Источник:  https://clck.ru/QVCkz  

Публикуется с согласия автора.



                                                   Игорь Меламед

                               

                                   "Где ждет нас блаженная встреча..."


* * *

Я неожиданно пойму:

какая ночь бы ни нависла –

никто, свою лелея тьму,

не просветляется до смысла.

Никто, в себе лелея мрак,

не прозревает своевольно.

И не бессмыслен мир, но так

бывает тяжело и больно...

Так холодна моя рука

поверх чужого одеяла.

Так бесконечно далека

моя любовь от идеала…

И все ж мне чудится порой

какой-то смутный шорох рядом,

как будто кто-то надо мной

склонился с предпоследним взглядом.

И как бы я ни пал на дно

жестокого миропорядка –

я верю вновь, что все равно

мне суждена его оглядка,

что всех нас ждет его ответ,

быть может, и невыразимый,

что нас зальет какой-то свет,

быть может, и невыносимый.

О, как я счастлив осознать,

что я еще люблю и плачу,

что в этом мире благодать

я не меняю на удачу.

И задыхаюсь, и молю,

и трепещу перед расплатой.

И называю жизнь мою

то лучезарной, то проклятой.

В блистанье солнечного дня,

в сиянье лунного разлива

он только смотрит на меня

то потрясенно, то брезгливо.

1985

 

* * *

…И опять приникаю я к ней ненасытно.

Этой музыки теплая, спелая мякоть.

Когда слушаю Шуберта – плакать не стыдно.

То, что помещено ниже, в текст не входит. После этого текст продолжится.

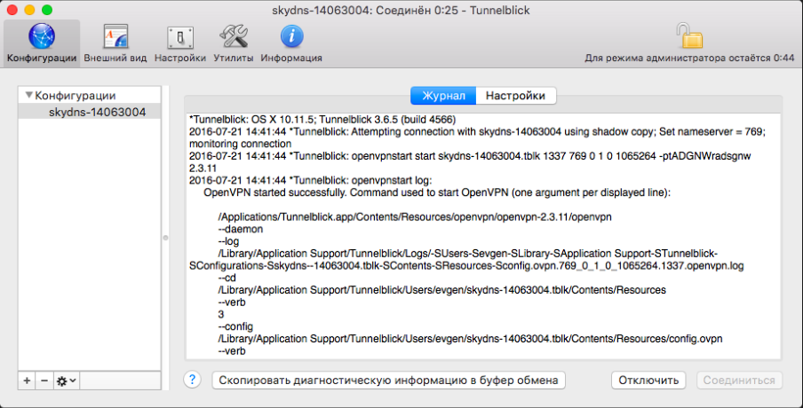 Настройка OpenVPN SkyDNS на устройствах Mac OS X

Когда слушаю Моцарта – стыдно не плакать.

 

В этой сказке, в ее тридевятом моцарстве,

позабыв о своем непробудном мытарстве,

моя бедная мама идет молодою,

и сидят мотыльки у нее на ладони.

 

Ты куда их несешь, моя бедная мама?

Ты сейчас пропадешь за наплывом тумана.

Эта музыка, словно пыльца мотылька,

упорхнувшего в недостижимые страны.

Твоя ноша для Моцарта слишком легка,

а для прочих она непосильна и странна.

 

И опять ненасытно я к ней приникаю.

И она приникает ко мне ненасытно.

Остается стакан полутеплого чаю

в полутемном вагоне, где плакать – не стыдно…

 1982

 

* * *

Пока еще в Кузьминках снегопад –

беги за ней, скользящей и спешащей.

Хватая тьму на ощупь, наугад,

дыши в плечо любови уходящей.

 

Пока еще превыше прочих благ

в последний раз к руке ее приникнуть –

беги за ней, хоть ветер дует так,

что ни вздохнуть, ни вскрикнуть, ни окликнуть.

 

И зная, что сведешь ее на нет, –

не отставай, беги за нею следом,

пока ее скользящий силуэт

не станет мраком, холодом и снегом…

 1983

 

* * *

                    Любить и лелеять недуг бытия…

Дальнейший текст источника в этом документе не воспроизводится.